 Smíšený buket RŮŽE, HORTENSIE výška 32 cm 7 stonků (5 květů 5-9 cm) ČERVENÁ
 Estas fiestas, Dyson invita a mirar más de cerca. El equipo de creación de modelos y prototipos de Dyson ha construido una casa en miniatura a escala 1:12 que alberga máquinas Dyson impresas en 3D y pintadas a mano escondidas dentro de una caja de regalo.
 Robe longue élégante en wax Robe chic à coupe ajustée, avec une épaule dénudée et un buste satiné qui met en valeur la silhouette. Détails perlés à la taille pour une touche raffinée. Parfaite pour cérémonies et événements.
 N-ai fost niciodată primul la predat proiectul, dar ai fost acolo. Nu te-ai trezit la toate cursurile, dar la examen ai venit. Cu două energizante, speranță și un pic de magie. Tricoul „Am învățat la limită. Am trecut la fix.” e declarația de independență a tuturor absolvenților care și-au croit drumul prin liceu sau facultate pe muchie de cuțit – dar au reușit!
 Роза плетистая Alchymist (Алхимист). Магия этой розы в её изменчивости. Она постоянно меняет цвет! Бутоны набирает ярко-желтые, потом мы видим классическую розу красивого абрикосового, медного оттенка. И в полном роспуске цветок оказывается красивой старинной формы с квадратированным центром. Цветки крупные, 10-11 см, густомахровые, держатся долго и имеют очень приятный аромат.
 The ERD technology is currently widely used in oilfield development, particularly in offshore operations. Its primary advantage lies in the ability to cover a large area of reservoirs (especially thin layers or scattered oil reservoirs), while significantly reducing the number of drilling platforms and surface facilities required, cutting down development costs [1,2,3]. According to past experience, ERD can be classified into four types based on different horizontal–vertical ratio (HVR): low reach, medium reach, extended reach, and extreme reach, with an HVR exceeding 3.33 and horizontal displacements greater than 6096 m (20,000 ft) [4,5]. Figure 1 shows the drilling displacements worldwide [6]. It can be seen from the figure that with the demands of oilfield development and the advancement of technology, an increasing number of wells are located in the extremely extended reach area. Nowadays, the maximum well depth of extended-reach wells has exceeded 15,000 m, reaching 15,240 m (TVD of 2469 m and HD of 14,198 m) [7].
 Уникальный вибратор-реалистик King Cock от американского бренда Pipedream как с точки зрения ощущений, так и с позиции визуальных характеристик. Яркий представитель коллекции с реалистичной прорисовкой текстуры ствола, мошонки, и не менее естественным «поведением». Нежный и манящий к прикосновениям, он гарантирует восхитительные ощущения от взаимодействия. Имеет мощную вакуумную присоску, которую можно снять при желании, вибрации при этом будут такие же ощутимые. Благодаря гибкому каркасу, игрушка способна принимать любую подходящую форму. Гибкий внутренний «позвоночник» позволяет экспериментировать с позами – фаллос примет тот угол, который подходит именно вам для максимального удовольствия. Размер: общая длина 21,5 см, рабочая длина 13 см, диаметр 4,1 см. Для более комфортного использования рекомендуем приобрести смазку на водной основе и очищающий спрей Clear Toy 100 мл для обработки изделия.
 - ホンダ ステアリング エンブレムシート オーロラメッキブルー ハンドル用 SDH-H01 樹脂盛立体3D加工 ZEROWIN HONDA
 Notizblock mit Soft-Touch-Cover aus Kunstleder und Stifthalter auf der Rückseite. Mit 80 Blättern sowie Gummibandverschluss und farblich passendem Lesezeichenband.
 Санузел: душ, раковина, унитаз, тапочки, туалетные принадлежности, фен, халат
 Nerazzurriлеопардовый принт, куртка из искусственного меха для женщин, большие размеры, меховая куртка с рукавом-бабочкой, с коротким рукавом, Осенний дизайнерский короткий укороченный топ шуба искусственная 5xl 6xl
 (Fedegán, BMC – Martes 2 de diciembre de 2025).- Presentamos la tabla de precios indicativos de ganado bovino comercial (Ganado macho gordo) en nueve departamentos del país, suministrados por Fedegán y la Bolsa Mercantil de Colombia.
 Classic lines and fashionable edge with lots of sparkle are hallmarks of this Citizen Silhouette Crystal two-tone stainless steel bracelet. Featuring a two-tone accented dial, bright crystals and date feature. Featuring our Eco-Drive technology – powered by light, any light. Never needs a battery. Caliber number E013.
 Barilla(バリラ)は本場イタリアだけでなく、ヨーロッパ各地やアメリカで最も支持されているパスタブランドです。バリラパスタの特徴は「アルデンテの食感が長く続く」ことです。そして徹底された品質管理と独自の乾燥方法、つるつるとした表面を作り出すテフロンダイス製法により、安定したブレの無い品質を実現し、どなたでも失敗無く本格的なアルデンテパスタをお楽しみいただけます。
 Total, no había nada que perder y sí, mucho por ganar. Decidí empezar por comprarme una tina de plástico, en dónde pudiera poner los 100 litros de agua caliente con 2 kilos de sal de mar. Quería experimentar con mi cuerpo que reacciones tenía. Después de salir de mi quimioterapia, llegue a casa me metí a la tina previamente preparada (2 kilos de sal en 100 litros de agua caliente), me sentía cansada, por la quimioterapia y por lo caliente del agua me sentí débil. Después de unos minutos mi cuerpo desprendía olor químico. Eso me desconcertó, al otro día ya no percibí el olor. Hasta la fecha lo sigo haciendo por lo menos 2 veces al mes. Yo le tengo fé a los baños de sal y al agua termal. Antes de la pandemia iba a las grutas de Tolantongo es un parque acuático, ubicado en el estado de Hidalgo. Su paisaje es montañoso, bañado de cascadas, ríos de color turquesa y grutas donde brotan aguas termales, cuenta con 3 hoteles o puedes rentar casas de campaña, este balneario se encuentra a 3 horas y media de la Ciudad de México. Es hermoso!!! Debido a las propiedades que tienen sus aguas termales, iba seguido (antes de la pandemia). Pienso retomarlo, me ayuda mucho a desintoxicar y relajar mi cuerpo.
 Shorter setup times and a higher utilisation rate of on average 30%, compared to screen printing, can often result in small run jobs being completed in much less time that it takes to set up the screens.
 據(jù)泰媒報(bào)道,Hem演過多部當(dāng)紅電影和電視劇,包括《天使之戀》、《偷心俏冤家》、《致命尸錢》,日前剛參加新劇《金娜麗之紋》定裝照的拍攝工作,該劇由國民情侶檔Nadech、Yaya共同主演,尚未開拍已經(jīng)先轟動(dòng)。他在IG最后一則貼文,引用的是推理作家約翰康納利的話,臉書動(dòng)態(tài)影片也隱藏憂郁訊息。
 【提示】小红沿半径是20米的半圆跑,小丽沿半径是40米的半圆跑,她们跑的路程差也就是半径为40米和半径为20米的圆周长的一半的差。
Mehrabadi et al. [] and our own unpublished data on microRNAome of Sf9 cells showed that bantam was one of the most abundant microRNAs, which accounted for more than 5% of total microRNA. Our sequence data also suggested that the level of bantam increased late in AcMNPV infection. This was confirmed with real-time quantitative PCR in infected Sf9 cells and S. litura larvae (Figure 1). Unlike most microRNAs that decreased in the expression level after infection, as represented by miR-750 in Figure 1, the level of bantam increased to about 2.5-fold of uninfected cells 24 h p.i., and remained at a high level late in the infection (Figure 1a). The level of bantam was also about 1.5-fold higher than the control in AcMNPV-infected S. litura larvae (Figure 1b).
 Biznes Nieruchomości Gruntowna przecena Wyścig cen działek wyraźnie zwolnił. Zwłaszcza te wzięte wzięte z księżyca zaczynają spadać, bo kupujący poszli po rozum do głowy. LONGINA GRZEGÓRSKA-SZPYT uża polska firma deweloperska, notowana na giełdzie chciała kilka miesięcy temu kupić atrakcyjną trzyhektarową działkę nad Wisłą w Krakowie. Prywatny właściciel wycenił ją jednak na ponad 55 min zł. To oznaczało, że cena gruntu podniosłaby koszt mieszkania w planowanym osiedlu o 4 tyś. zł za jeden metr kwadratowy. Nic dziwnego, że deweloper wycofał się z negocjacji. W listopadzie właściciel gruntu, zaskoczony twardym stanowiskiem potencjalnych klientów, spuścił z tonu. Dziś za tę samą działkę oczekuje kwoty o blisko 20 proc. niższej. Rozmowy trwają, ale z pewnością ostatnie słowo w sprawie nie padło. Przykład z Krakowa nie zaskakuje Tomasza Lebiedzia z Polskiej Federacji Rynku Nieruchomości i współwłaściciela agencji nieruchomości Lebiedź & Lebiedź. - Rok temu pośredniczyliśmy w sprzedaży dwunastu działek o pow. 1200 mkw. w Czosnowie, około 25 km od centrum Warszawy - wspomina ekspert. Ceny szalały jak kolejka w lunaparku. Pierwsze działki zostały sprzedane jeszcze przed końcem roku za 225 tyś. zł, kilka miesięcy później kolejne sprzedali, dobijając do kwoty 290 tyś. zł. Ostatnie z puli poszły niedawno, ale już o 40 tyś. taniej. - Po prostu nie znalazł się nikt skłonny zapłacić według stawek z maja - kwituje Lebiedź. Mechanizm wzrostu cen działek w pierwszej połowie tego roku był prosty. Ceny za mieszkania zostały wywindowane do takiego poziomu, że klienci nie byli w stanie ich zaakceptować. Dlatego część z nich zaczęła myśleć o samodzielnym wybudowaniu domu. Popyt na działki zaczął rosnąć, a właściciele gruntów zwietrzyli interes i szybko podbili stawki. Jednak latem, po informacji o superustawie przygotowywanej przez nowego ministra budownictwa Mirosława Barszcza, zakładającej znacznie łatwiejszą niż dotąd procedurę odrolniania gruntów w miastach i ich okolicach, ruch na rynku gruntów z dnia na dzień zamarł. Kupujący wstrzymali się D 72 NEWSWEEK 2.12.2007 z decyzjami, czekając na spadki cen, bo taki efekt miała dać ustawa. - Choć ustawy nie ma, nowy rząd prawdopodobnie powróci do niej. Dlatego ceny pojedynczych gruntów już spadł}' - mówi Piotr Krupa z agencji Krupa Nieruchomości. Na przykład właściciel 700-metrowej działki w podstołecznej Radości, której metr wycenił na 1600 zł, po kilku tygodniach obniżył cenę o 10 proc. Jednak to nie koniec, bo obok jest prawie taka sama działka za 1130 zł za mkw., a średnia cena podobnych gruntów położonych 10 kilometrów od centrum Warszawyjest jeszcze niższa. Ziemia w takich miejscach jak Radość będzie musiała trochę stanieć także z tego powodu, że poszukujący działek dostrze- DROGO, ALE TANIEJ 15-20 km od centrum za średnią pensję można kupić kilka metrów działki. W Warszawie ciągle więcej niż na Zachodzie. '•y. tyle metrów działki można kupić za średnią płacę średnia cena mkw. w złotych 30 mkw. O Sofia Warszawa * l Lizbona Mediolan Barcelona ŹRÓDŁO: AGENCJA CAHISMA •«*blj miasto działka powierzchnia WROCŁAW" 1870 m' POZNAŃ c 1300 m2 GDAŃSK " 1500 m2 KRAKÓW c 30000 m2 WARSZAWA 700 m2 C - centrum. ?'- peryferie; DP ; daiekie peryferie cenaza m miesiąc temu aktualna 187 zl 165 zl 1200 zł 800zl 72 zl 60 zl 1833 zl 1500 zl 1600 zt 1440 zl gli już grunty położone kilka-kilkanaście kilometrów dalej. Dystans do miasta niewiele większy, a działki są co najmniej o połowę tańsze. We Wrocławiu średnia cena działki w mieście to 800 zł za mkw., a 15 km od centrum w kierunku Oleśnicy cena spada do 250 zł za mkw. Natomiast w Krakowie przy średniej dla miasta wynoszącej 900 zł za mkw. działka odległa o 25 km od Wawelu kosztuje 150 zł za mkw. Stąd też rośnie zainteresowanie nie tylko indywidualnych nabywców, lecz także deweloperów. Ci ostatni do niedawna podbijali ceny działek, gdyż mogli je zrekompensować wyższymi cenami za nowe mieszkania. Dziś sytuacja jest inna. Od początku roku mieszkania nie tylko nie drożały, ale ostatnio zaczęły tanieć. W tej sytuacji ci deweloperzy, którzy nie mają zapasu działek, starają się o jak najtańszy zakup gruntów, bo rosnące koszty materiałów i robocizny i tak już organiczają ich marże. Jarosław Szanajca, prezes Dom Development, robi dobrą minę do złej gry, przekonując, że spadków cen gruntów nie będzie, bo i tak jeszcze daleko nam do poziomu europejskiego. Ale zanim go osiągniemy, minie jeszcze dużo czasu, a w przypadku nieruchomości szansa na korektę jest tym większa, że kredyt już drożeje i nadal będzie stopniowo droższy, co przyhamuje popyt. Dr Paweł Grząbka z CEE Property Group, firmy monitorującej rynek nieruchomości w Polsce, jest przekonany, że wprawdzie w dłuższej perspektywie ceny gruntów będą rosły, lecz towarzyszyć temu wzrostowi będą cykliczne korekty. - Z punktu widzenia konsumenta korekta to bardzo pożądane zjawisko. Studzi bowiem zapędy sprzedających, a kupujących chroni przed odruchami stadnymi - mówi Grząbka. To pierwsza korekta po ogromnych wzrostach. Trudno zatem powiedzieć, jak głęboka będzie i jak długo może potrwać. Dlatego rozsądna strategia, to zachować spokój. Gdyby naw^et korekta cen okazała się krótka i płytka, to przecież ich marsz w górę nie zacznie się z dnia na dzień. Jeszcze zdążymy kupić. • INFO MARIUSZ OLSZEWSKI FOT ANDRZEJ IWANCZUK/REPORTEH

▬▬▬

REQUIREMENT ▸
Please output exactly the lines between the one holding "Robe longue élégante" and the one holding "Роза плетистая Alchymist" in the records above, inclusive, and nothing more.

EXERCISE SOLUTION ▸
 Robe longue élégante en wax Robe chic à coupe ajustée, avec une épaule dénudée et un buste satiné qui met en valeur la silhouette. Détails perlés à la taille pour une touche raffinée. Parfaite pour cérémonies et événements.
 N-ai fost niciodată primul la predat proiectul, dar ai fost acolo. Nu te-ai trezit la toate cursurile, dar la examen ai venit. Cu două energizante, speranță și un pic de magie. Tricoul „Am învățat la limită. Am trecut la fix.” e declarația de independență a tuturor absolvenților care și-au croit drumul prin liceu sau facultate pe muchie de cuțit – dar au reușit!
 Роза плетистая Alchymist (Алхимист). Магия этой розы в её изменчивости. Она постоянно меняет цвет! Бутоны набирает ярко-желтые, потом мы видим классическую розу красивого абрикосового, медного оттенка. И в полном роспуске цветок оказывается красивой старинной формы с квадратированным центром. Цветки крупные, 10-11 см, густомахровые, держатся долго и имеют очень приятный аромат.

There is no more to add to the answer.